In recent years, research has shown a behavioral change in some Americans towards an increase in the consumption of nutritional supplements: an estimated $ 120 billion industry.

However, researchers say the real health benefits of diet supplements are often overstated.

“The vast majority of dietary supplements seem to be of no use. Again, more is not better if you are not deficient in nutrients. Some high-dose dietary supplements can even cause harm,” said Michos.

There is growing evidence that dietary supplements fail to prevent primary or recurrent cardiovascular disease. Another debut study at AHA, the OMEMI study, showed no benefit in adding polyunsaturated marine n-3 fatty acids to prevent a second heart attack.

However, what has been shown repeatedly is the benefits of diet and exercise in preventing, or sometimes even reversing, conditions such as atrial fibrillation.

“We tend to look for the magic nutrient so we don’t have to eat well,” Albert said.

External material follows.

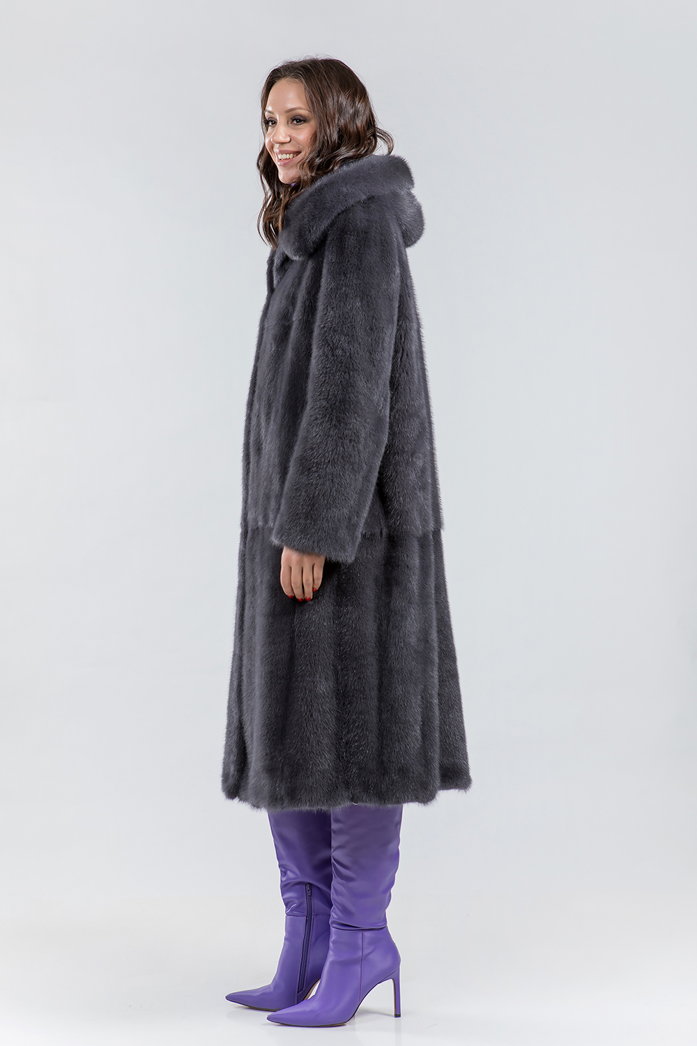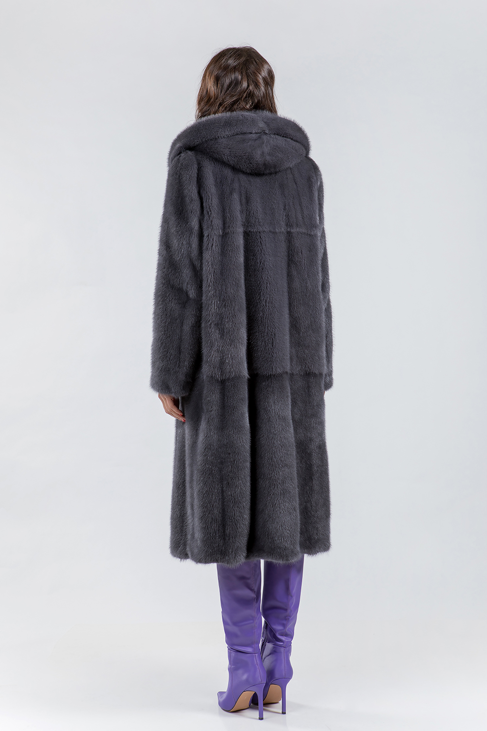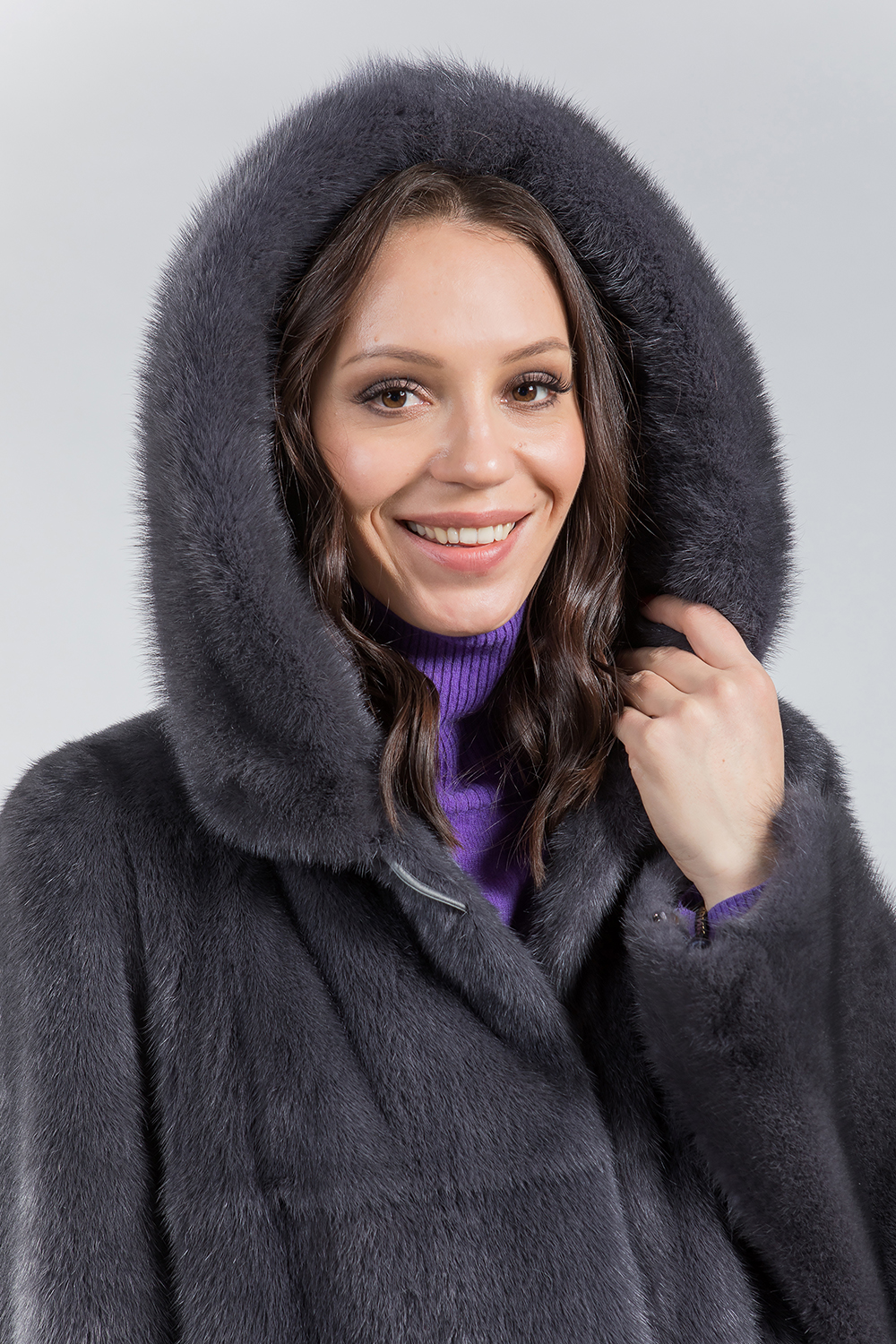 Полупальто из меха норки с капюшоном. Крой изделия пластины с добавлением роспуска. Модель оснащена регулирующими утяжками в зоне талии, на рукавах и по низу изделия. Длина шубки 120 см. Модель классического силуэта-универсальный вариант! Профессиональные стилисты считают такое меховое пальто безошибочным выбором и гарантируют элегантность!

Albert said the most effective prevention is by maintaining a healthy weight, reducing alcohol consumption to 1-2 drinks a day, and maintaining healthy blood pressure.

Michos agreed, advising that a healthy lifestyle and eating habits can prevent not only atrial fibrillation but heart disease as a whole.

“Moderate exercise following a healthy diet and maintaining a normal weight can reduce the risk of atrial fibrillation. I think people would be better off saving their money on supplements that have not been shown to work and theirs instead Time and attention is focusing money on activities that promote healthy lifestyles, “she said.

Lily Nedda Dastmalchi, DO, MA, is an internal medicine-based physician at George Washington University and an employee of the ABC News Medical Unit.